Para cuando llegó abril, Jane había empezado a estudiar para los exámenes finales, algo que se le había ocurrido tras recibir una carta de Remus en la que su padrino le indicaba que prontamente tendría que elegir materias electivas, algo que no la entusiasmaba mucho. La única otra persona que estudiaba casi lo mismo que ella era Hermione, quien se instalaba en la biblioteca con la mayor cantidad libros que Jane había visto, su mirada perdida entre tantas letras. Por su parte, si bien la azabache pasaba la mayor parte de su tiempo estudiando, también mantenía su investigación personal, la cual la frustraba cada vez más, ya que, cada vez que sentía que se acercaba lo suficiente, terminaba haciendo cualquier cosa menos su objetivo. De pronto, una lechuza ingresó a la biblioteca y se posó encima de la mesa en la que estaba trabajando, tendiendo su pata de modo tal que Jane no la pudiera esquivar.

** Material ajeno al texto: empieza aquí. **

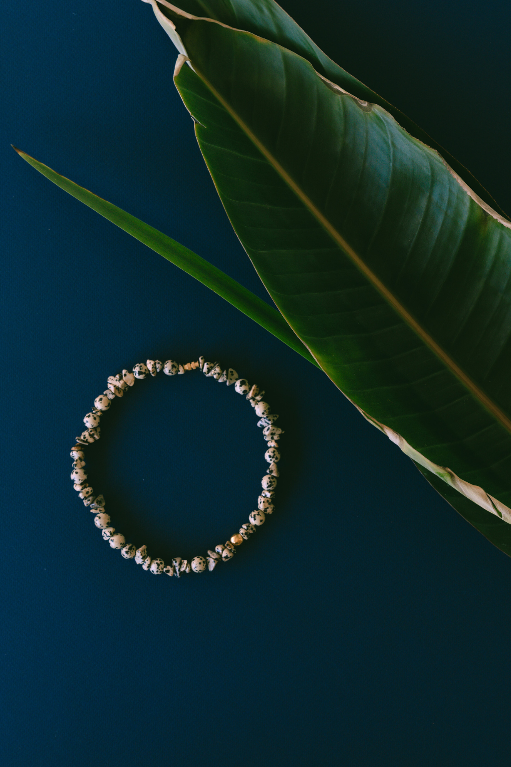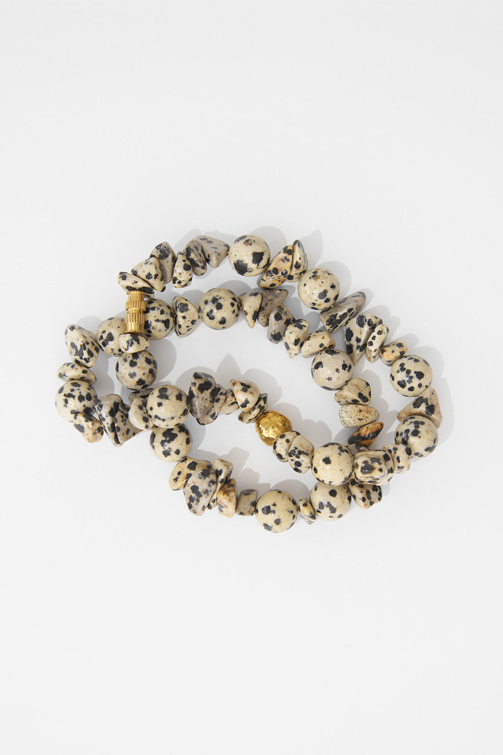 El mar guarda en sus profundidades secretos de fuego y piedra. Este collar, hecho a mano en bronce y jaspe dálmata, evoca la fuerza de la naturaleza que lo vio nacer: un mineral único, salpicado de manchas negras que emergen de la unión con otros elementos, como la turmalina y la arfvedsonita.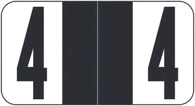 These Reynolds & Reynolds RRNM Compatible Numeric "4" Labels feature a White, and Black bar with a Black "4". Label Size: 1-5/8" W x 7/8" H, Before Folding. Laminated for protection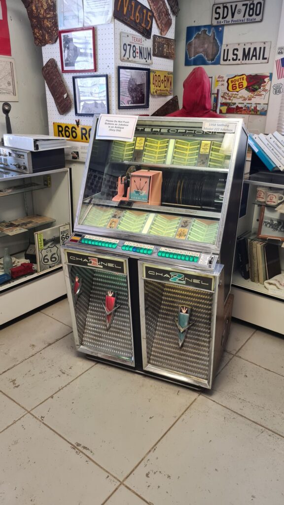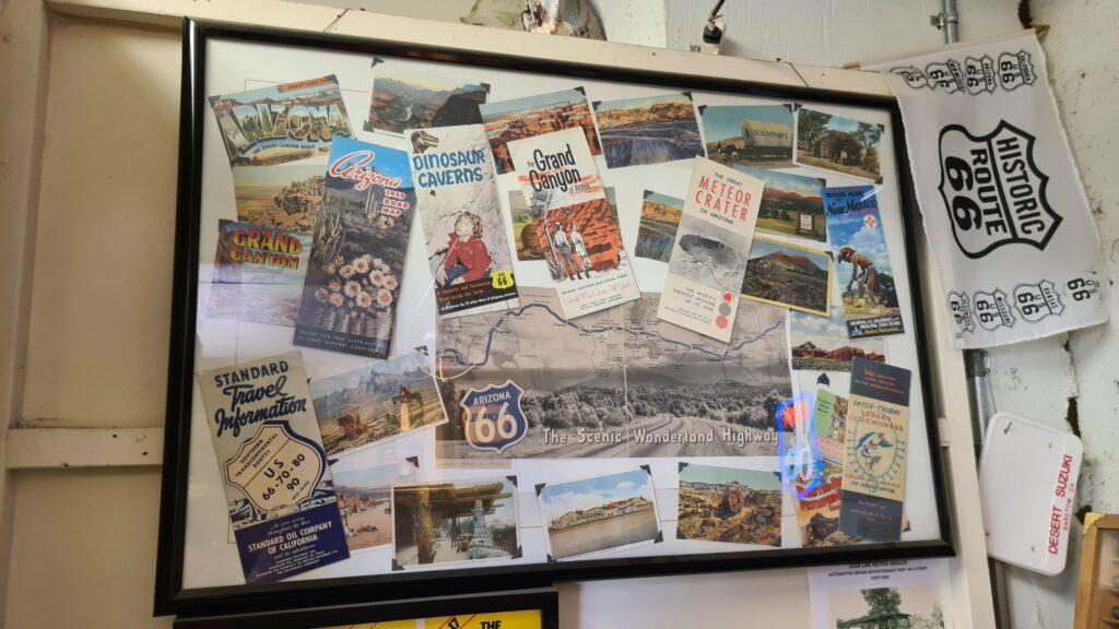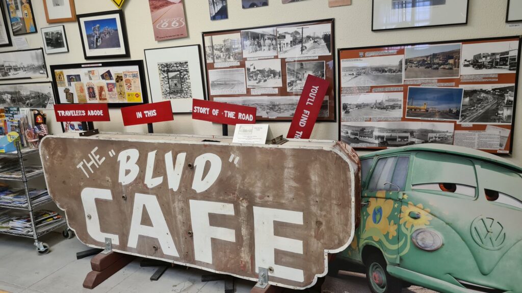 Das Museum zur Route 66 besuchten wir als erstes. Es erwies sich als Sammelsurium von großen und kleinen Gegenständen mit Bezug zur Geschichte der Route 66. Vom Ford Mustang bis zum Werbeprospekt aus den 1940ern, vom Originalschild eines Cafes bis zum Spielzeugauto war alles dabei. Aber das Museum war ganz nett gemacht und der Eintritt frei.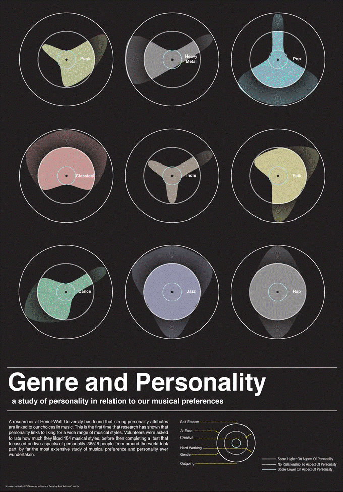 Đây cũng là một khám phá mới về các thể loại âm nhạc khác nhau tương ứng với tính cách của chúng ta như thế nào, theo một nghiên cứu tiến hành tại Đại học Heriot-Watt: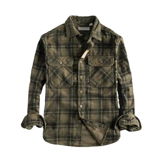 Эта мужская рубашка — универсальная вещь, которую можно легко сочетать с различными повседневными брюками и джинсами.. Его ретро-стиль создает непринужденную, элегантную и артистичную атмосферу, идеально подходящую для разных случаев.. Однобортный лацкан и клетчатый узор придают общему образу нотку изысканности..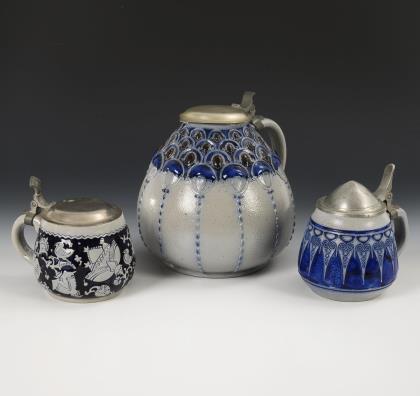 Jugendstil-Kanne und 2 Bierseidel. Höhr-Grenzhausen.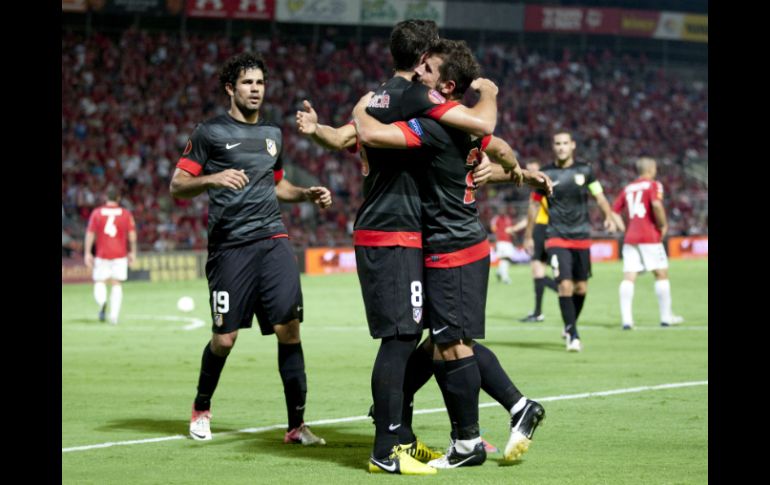 Deportes | El equipo defensor del título arranca la Europa League con goleada en Israel Atlético debuta con supremacía El Atético de Madrid, defensor del título, arranca la Europa League con goleada en Israel Por: AFP 20 de septiembre de 2012 - 13:59 hs Jugadores del Atlético de Madrid festejan su triunfo. AP / TEL AVIV, ISRAEL (20/SEP/2012).- El Atlético de Madrid, plagado de suplentes y sin la participación de su estrella colombiana Radamel Falcao, inició la defensa de su título en la Europa League con una victoria cómoda en el campo del Hapoel Tel Aviv (3-0), este jueves en la primera jornada del grupo B. Pese a la ausencia de Falcao, hubo protagonismo sudamericano: el uruguayo Cristian 'Cebolla' Rodríguez consiguió el primer tanto en el minuto 37 y el brasileño Diego Costa logró el segundo en el 40. En la segunda, el español Raúl García firmó el tercero y definitivo en el 63. Teniendo en cuenta los resultados de la pasada campaña en este torneo y el triunfo de agosto en la Supercopa continental, el equipo 'colchonero' lleva catorce victorias seguidas en competiciones europeas. El técnico argentino del equipo, Diego Simeone, había decidido dejar en Madrid a varios pesos pesados del plantel, como Falcao, el turco Arda Turan, el uruguayo Diego Godín, el brasileño Filipe Luis o el español Gabi. Por lo mostrado por ambos equipos, el 'Cholo' Simeone acertó dando descanso a varias de sus estrellas, ya que los suplentes bastaron para dominar en el juego a un Hapoel voluntarioso pero sin excesiva calidad. Raúl García (minuto 10), Diego Costa (18) y Adrián López (30) dispusieron de buenas ocasiones para abrir el marcador, pero el honor fue para el 'Cebolla' Rodríguez (37), después de que Raúl García recuperara, cediera para Diego Costa y éste para el uruguayo, que remató desde la frontal del área. Apenas tres minutos más tarde, Raúl volvió a recuperarar y esta vez combinó con Adrián, que fue quien asistió a Diego Costa, que dribló al portero y marcó a puerta vacía (40). En la segunda mitad, el Atlético amplió su ventaja, en un partido ya sentenciado y apenas emoción. Raúl García, muy activo, lo intentó en el 57, pero su premio llegó en el 63, cuando envió de volea a la red, tras un saque de esquina del turco Emre Belozoglu. La goleada pudo ser mayor, pero el árbitro anuló un gol a Diego Costa (72) por fuera de juego y Koke (79, 83) no estuvo acertado en la ejecución. Durante el partido, Falcao estuvo siguiendo el encuentro y contando lo que allí pasaba en su cuenta de la red social Twitter. "Terminó en Israel Hapoel 0 úAtleti 3 Gran partido de mis compañeros en Israel! Los esperamos de vuelta por acá!", escribió el 'Tigre' justo al final del partido. Este triunfo en Tel Aviv encarrila el camino del campeón hacia los dieciseisavos de final. En la segunda jornada, el 4 de octubre, el Atlético recibirá al Viktoria Pilsen checo, mientras que el Hapoel tratará de corregir el rumbo en el terreno de la Académica de Coimbra portuguesa. Temas Futbol Internacional Europa League Atlético de Madrid UEFA Recibe las últimas noticias en tu e-mail Todo lo que necesitas saber para comenzar tu día Registrarse implica aceptar los Términos y Condiciones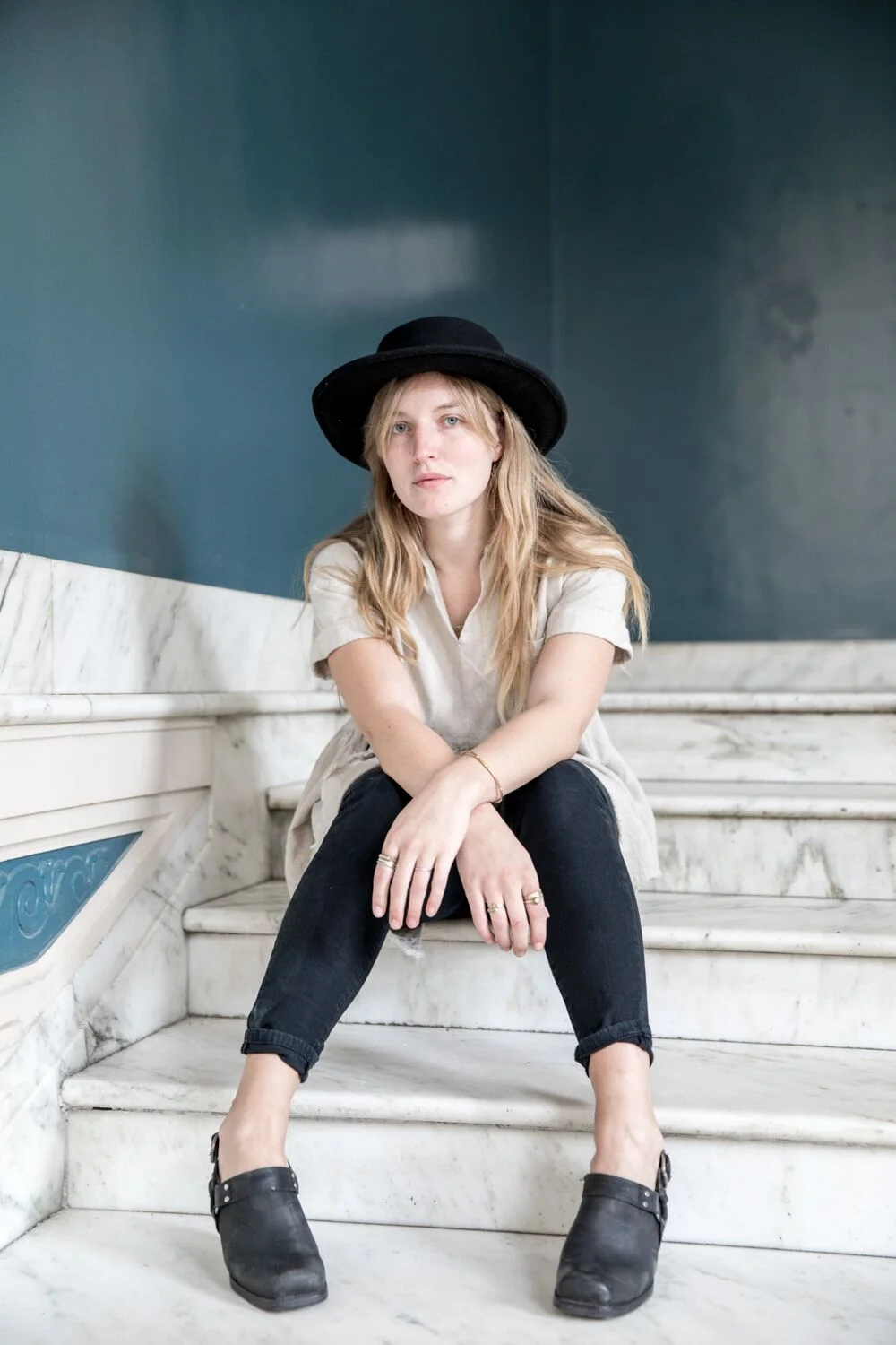 My personal style is always evolving— I’d say because it is driven by feeling and by limitation. Everyone has a budget and a lifestyle. In the last few years, slow fashion has entered the equation of what I can bring home. My style is influenced by my friends, not a particular person or type of style. We like to spend time at thrift stores or trading inspiration from Instagram pages. Because of this, my style is kind of modern-bohemian. I always like to feel groovy, which for me is a self-defined blend of feeling timeless, sexy, and cool. Always feminine. I feel like a million bucks when I’m wearing groovy denim and a white tee— like I can walk into any place and own the room. I’m not the most stylish person I know, but I’m completely satisfied by my own clothes.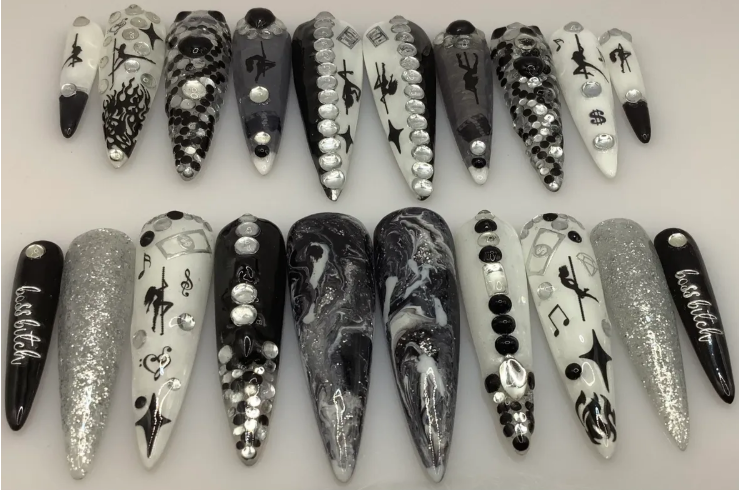 Command attention with Center Stage, a handmade 3X-long stiletto press-on nail set that celebrates the spirit of dance and the art of performance. This 20-piece set stuns in a monochrome palette of black, white, and silver, featuring musical notes, dancer silhouettes, and dramatic embellishments. Glitter, rhinestones, and marble accents amplify the energy, while each stiletto shape adds sharp elegance and movement. Crafted with premium gel polish and encapsulated for a salon-quality, long-lasting finish. Perfect for performers, creatives, or anyone who lives to shine under the lights. Available in S,M,L,and PF (Precision Fit) with our nail sizing service. Choose from pre-designed sets or customize a unique design just for you. Each set comes with a complete nail prep and application kit to ensure a flawless application and prevent damage during removal.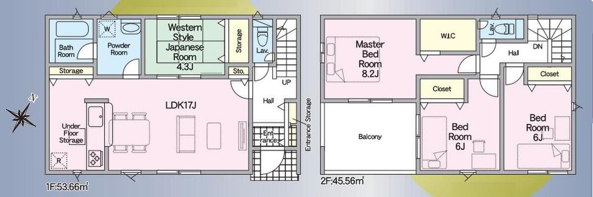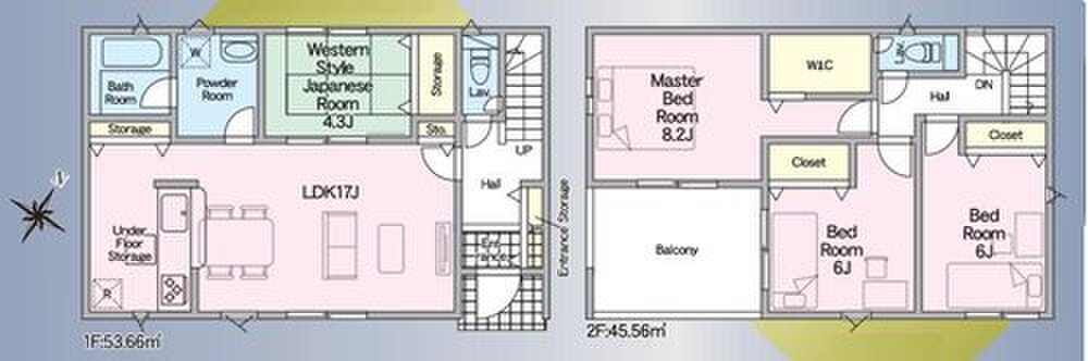 | 建物面積 | 95.57m2・99.22m2(28.90坪・30.01坪) | 土地面積 | 186.24m2・197.31m2(56.33坪・59.68坪) |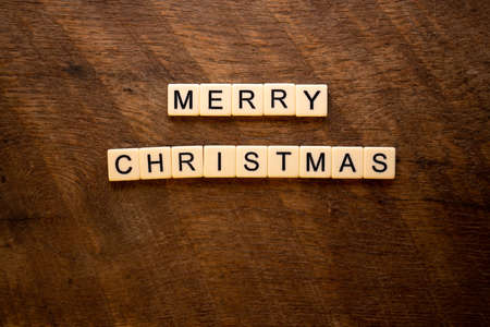Merry Christmas lettering in plastic letters on an old vintage letter board. Top view. Flatley. Christmas greeting card.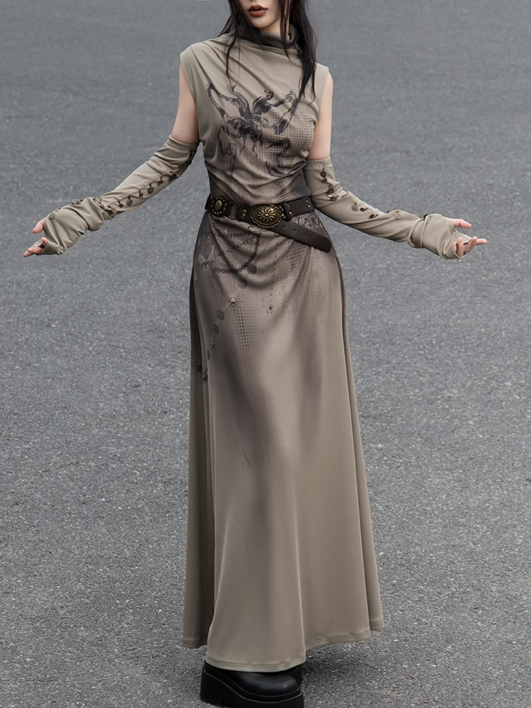 Brown knit fabric offers a forgiving fit and relaxed silhouette suitable for various body types. Paired with matching arm covers for a powerful look. The butterfly gradient print at the chest combines with a sculptural human motif, blending futuristic aesthetics with traditional Chinese influences.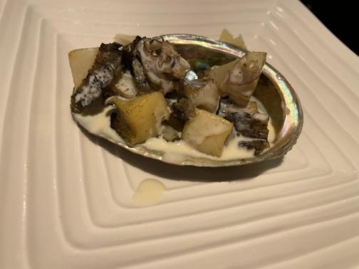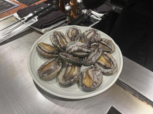 鮑を始めて食べました。中々活けアワビを目の前で調理して食べれるところは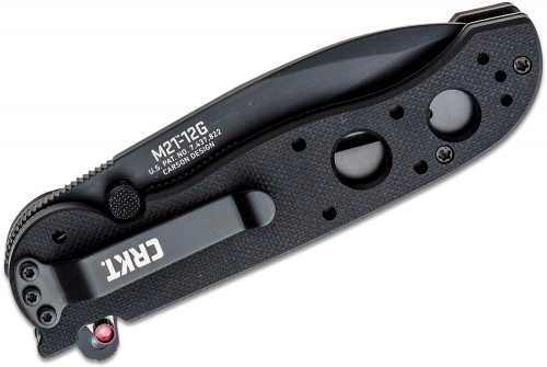 As is standard practice on CRKT folders, Teflon bearings at the blade pivot assure velvety-smooth one-hand opening and closing, using Kit Carson's trademark dual checkered thumb studs which also act as a blade stop.

-Vaya. ¿Por qué no llegaste con el correo de la mañana?- murmuró Jane desabrochando la carta y sonriendo ante el plumaje erizado de la lechuza antes de que esta saliera volando, lanzando pedazos de pergamino por doquier. Con una leve mueca, Jane reordenó de nuevo todos sus apuntes, antes de desenrollar el pergamino que tenía entre sus manos. Tras echarle una mirada rápida al mensaje, Jane se levantó de golpe, dejando sus cosas al lado de los gemelos Weasley, tras lo cual, salió corriendo en busca de sus mejores amigos, quienes estaban tirados encima del pasto al lado del lago.

-¿Jane?- preguntó Demian al ver a su amiga correr sin ninguna de las cosas que siempre cargaba consigo -¿Pasó algo?- agregó sin dejar que su amiga pudiera retomar su respiración. La chica llevaba la carta agarrada en su puño mientras respiraba con dificultad, esperando que la puntada en su costado no fuera tan terrible como se veía venir.

-Noticias… de… Greg… y… Tonks…- explicó la chica, aún con la respiración entrecortada.

-¿Malas noticias?- se preocupó Thomas de inmediato, tratando de quitarle la carta a Jane, más la chica tenía un agarre tan bueno que le fue imposible siquiera quitarle un pedacito de papel.

-Ni idea… vi que era de ellos y salí corriendo.- respondió Jane sosteniendo la carta con una mano y empujando a Thomas con la otra. De inmediato, el forcejeo fue aumentando hasta que Demian levantó la vista de la pelotita de metal que sostenía entre sus manos e hizo un hechizo que ninguno de sus compañeros logró escuchar, dejando petrificado a Thomas de golpe.

-Más te vale decirnos qué contiene esa carta o te petrifico también y te la quito a la fuerza.- ordenó el castaño mientras quitaba el hechizo que mantenía a su mejor amigo inmóvil sobre el césped.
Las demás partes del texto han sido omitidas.